После того как отзвучала вторая строфа, раздались громовые аплодисменты. Хор благодарно раскланялся. Стефан Григоляйт вытер пот со лба.
— Бетховен есть Бетховен, — заявил он. Возражений не последовало. Стефан спрятал носовой платок. — Ну а теперь — к орудию!
Стол был накрыт в большой комнате, отведенной объединению. Посредине на серебряных блюдах, поставленных на маленькие спиртовки, возвышались оба румяных и поджаристых поросенка. Ничему уже больше не удивляясь, они держали в зубах ломтики лимона, а на спинках маленькие зажженные елочки.
Появился Алоис. На нем был свежевыкрашенный фрак, подарок хозяина. Алоис внес полдюжины больших бутылей со штейнхегером и стал наполнять бокалы. С ним вошел и Поттер из общества друзей кремации, задержавшийся на очередном сожжении, которым он руководил.
— Мир сей земле! — провозгласил он с пафосом, пожал руку Розе и сел рядом с ней.
Стефан Григоляйт, сразу же пригласивший Георгия к столу, встал и произнес самую короткую и самую лучшую речь в своей жизни. Он поднял бокал со сверкающим штейнхегером, обвел всех сияющими глазами и воскликнул:
— Будем здоровы!
Затем он снова сел, и Алоис втащил в зал тележку со свиными ножками, квашеной капустой и соленой картошкой.

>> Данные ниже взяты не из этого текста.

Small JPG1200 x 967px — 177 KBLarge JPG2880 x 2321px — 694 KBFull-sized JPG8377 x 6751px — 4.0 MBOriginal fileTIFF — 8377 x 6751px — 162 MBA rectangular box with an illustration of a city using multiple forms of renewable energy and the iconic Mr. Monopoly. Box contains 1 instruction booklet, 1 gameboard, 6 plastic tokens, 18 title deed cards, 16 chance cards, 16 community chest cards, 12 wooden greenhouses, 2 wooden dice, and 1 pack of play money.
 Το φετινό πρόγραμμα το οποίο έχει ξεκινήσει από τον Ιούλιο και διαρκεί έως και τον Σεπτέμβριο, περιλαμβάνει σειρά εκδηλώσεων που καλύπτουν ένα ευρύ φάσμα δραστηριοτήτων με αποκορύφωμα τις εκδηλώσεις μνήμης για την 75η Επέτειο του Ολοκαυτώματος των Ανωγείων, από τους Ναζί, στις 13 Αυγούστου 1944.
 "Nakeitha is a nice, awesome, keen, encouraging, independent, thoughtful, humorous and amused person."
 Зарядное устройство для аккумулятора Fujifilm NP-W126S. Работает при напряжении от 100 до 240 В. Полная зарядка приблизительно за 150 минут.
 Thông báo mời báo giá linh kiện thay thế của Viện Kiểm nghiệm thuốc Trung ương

Вошел хозяин с подносом, уставленным высокими стеклянными кружками с золотистым пильзенским пивом.
— Ешь медленнее, Георгий, — сказал я. — Твой желудок должен сначала привыкнуть к жирному мясу.

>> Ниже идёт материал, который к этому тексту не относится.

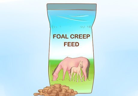 Feed your foal with creep feed after 4 months. When your foal is successfully weaned, it will stop relying on its mother’s milk for sustenance. At 4 months of age, your foal should begin grazing on grass. Many goals will have started nibbling or trying the mare’s food before you feed them with creep. At this point, start feeding it a “creep” feed designed for foals to begin weaning it away from a reliance on milk. ”Creep” feed is different from other types of horse feed. It is designed specifically for foals who are preparing to be weaned. Consult with your vet if you’re unsure what type of food you should be giving your foal. Many creep feeds will have guidance on the packaging to illustrate how quickly your foal should be gaining weight. Measure the height and weight of your foal regularly to make sure it is growing at the expected rate. If it isn’t, you may need to change the amount you’re feeding it or consult a vet.
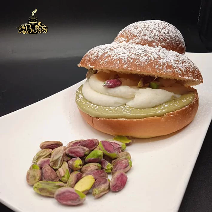 Brioche siciliane col tuppo, la ricetta originale (di quelle vere) per gelato e granita. Box prodotti La bomba co tuppo. La Panzuta è sicuramente un dolce peccaminoso pensato per clienti sfiziosi, prende il suo nome dalla classica forma (Panzona) posta nella parte superiore. Questo dolce è un omaggio alla mia Sicilia e ai suoi colori: il verde del pistacchio e il bianco della nostra squisita ricotta di pecora con gocce di cioccolato. La nostra Panzuta è una brioche lievitata, quindi con la classica forma con tuppo (tappo superiore) con doppia farcitura di crema di pistacchio e ricotta di pecora 100% in sac a poche. Realizzata utilizzando la tecnica tradizionale che comprende una lievitazione di circa 18 ore. La struttura della panzuta è morbida è setosa. Da consumare in famiglia o con gli amici dilettandovi alla farcitura fai da te. Le nostre Panzute ti verranno consegnate con sistema termico salva freschezza. Prova anche la nostra specialità il Kit Cannoli Mignon di ricotta. La Panzuta è un dolce peccaminoso pensato per clienti sfiziosi, un omaggio alla Sicilia e ai suoi colori: il verde del pistacchio ed il bianco della ricotta. Dove posso acquistare la migliore brioscia con il tuppo farcita con ricotta di pecora e pistacchio? Dal Boss ovviamente.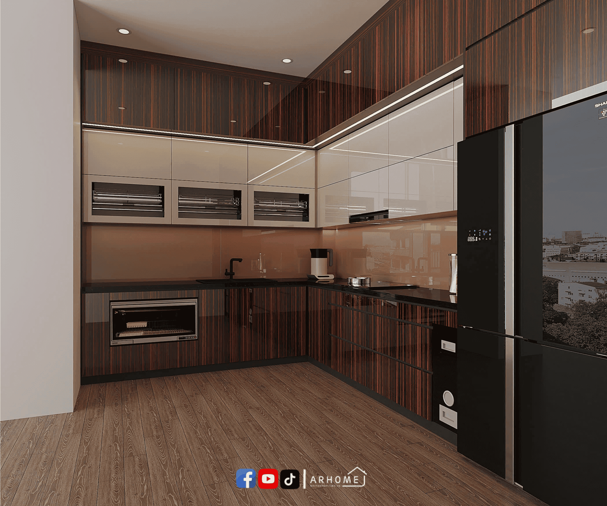 Thiết kế tủ bếp như thế nào để vừa tận dụng tối đa diện tích mà còn tối ưu công năng sử dụng? Hệ tủ bếp chữ L là một lựa chọn hoàn hảo cho chính căn bếp của bạn. Một thiết kế thông minh không những tối ưu diện tích mà còn biến không gian bếp trở nên rộng rãi, tạo ra một không gian nấu nướng hiện đại và tiện nghi. Với chất liệu khung thùng inox 304 kết hợp cánh Acrylic không chỉ bền bỉ mà còn tạo điểm nhấn sang trọng có căn bếp của gia đình. Hãy để Tủ bếp Arhome biến căn bếp của bạn trở thành điểm nhấn cho ngôi nhà của mình nhé!
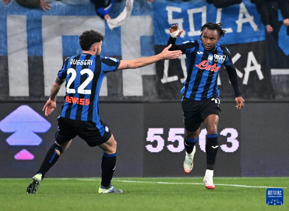 1月18日,亚特兰大队球员卢克曼(右)与队友鲁杰里庆祝进球。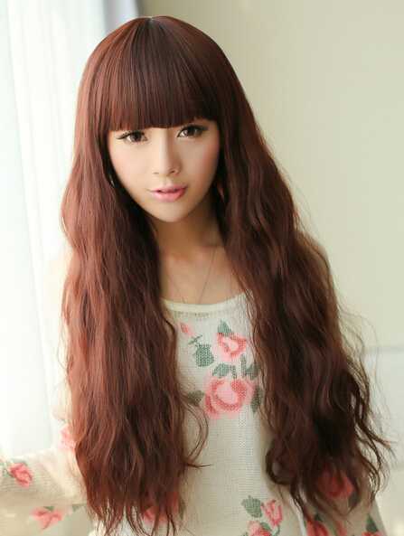 小编特别建议头发少的MM在处理刘海上应该“能齐不碎”,因为过于碎的刘海会使你的头发看起来更稀疏单薄,同时这款蓬感十足的波浪长发十分容易打理,轻松塑造完美头型。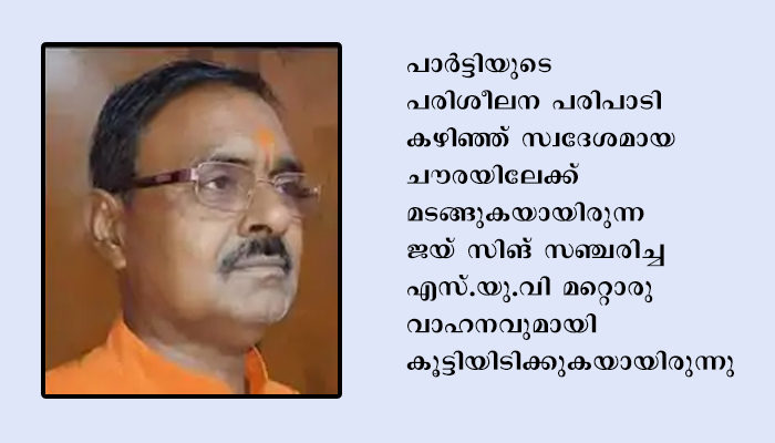 ജയ് വിജയ് സിങ് (58) റോഡപകടത്തില് മരിച്ചു. ബി.ജെ.പിയുടെ ജില്ലാ യൂണിറ്റ് മുന് പ്രസിഡന്റായിരുന്നു.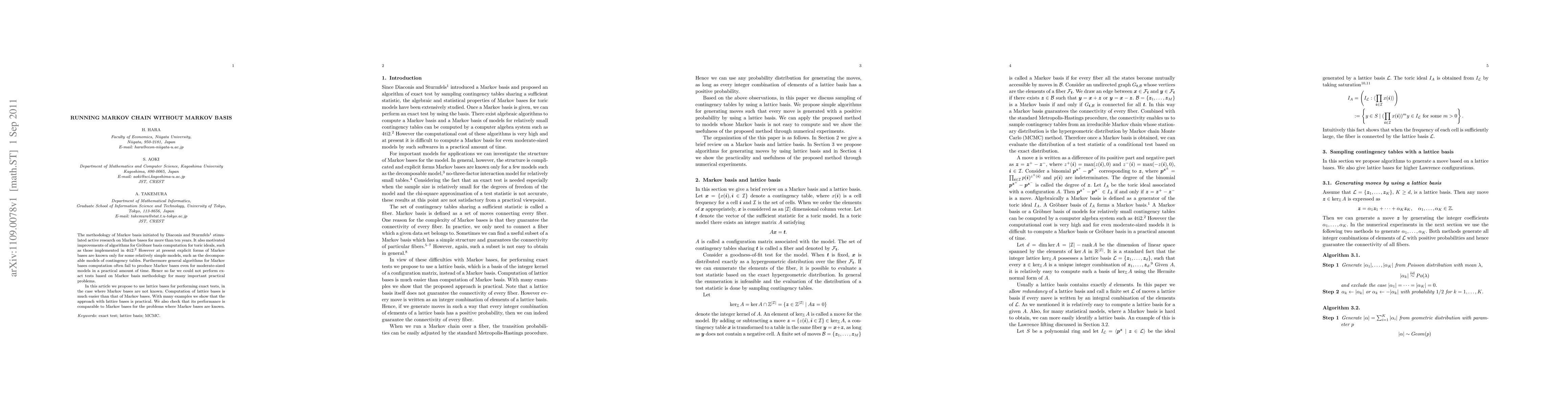 The methodology of Markov basis initiated by Diaconis and Sturmfels(1998) stimulated active research on Markov bases for more than ten years. It also motivated improvements of algorithms for Grobner basis computation for toric ideals, such as those implemented in 4ti2. However at present explicit forms of Markov bases are known only for some relatively simple models, such as the decomposable models of contingency tables. Furthermore general algorithms for Markov bases computation often fail to produce Markov bases even for moderate-sized models in a practical amount of time. Hence so far we could not perform exact tests based on Markov basis methodology for many important practical problems. In this article we propose to use lattice bases for performing exact tests, in the case where Markov bases are not known. Computation of lattice bases is much easier than that of Markov bases. With many examples we show that the approach with lattice bases is practical. We also check that its performance is comparable to Markov bases for the problems where Markov bases are known.

— Сперва я сам должен ко всему привыкнуть, — сказал он и посмотрел на меня.
— За этим дело не станет, — сказал я. — Нужно только избегать сравнений, тогда все быстро наладится.
Он кивнул и снова склонился над тарелкой.

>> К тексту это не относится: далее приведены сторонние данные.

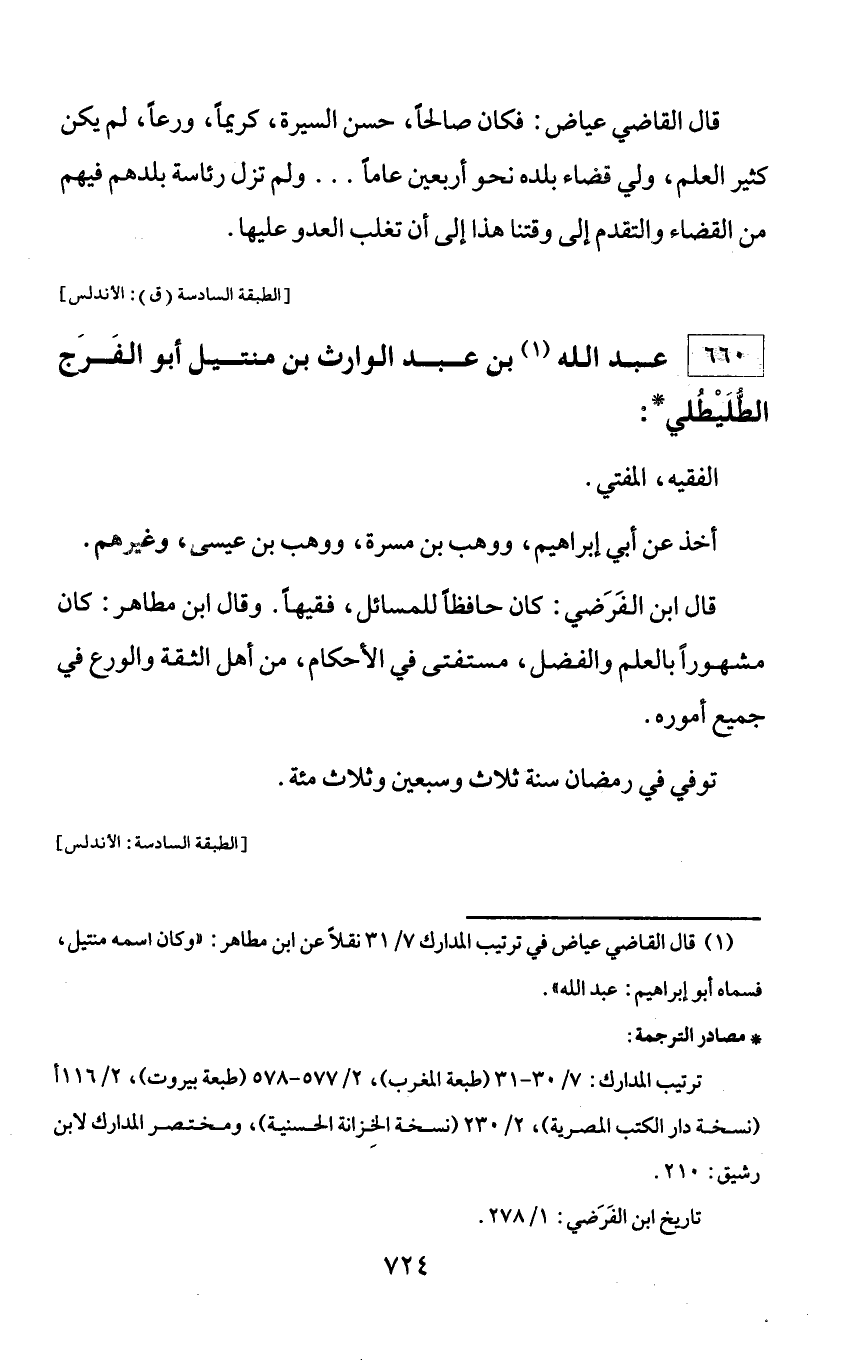 * مصادر الترجمة: ترتيب المدارك: 7/ 30 - 31 (طبعة المغرب)، 2/ 577 - 578 (طبعة بيروت)، 2/ 116 أ (نسخة دار الكتب المصرية)، 2/ 230 (نسخة الخزانة الحسنية)، ومختصر المدارك لابن رشيق: 210. تاريخ ابن الفرضي: 1/ 278.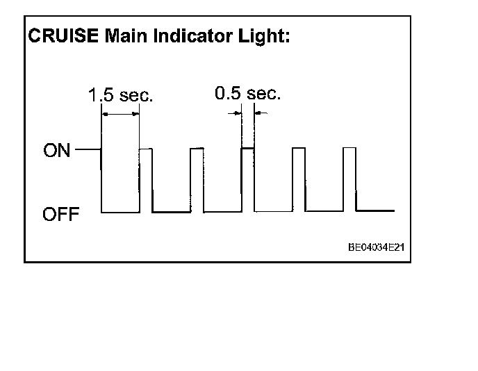 - If a malfunction occurs in the vehicle speed sensors, the stop light switch, or other related parts during cruise control driving, the ECU actuates AUTO CANCEL of the cruise control and blinks the CRUISE main indicator light. This indicator light informs the driver of the malfunction. At the same time, the malfunction is stored as a diagnostic trouble code.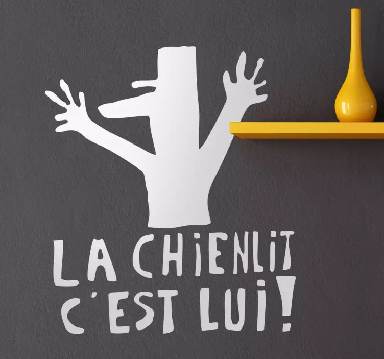 Referenz: A51776Ein verspieltes Design mit einem humorvollen Charakter, der die Hände hebt, begleitet von dem Text 'La chienlit c'est lui!'. Der Monochrom-Stil ermöglicht vielseitige Farbwahl und bringt ein lustiges Element in Kinderzimmer.

Внезапно на дальнем конце стола вспыхнула ссора. Послышался громкий каркающий голос Поттера. Он хотел чокнуться с Бушем, табачником, но тот отказался, заявив, что не желает пить, так как хочет побольше съесть.
— А я говорю — чушь! — бранился Поттер. — За едой надо пить! Кто пьет, тот может съесть гораздо больше.
— Глупости! — прогудел Буш, тощий длинный человек с плоским носом и в роговых очках.
Поттер вскочил с места.
— Глупости? И эта говоришь мне ты, филин с трубкой?
— Тихо! — крикнул Стефан Григоляйт. — Никаких ссор на Рождество.
Ему объяснили, из-за чего весь сыр-бор, и он принял соломоново решение — проверить дело на практике. Перед каждым из спорщиков поставили одинаковые миски с мясом, картофелем и капустой. Порции были огромны. Поттеру разрешалось пить что угодно, Буш должен был есть всухомятку. Чтобы придать состязанию особую остроту, было решено заключить пари, а сам Григоляйт вел тотализатор.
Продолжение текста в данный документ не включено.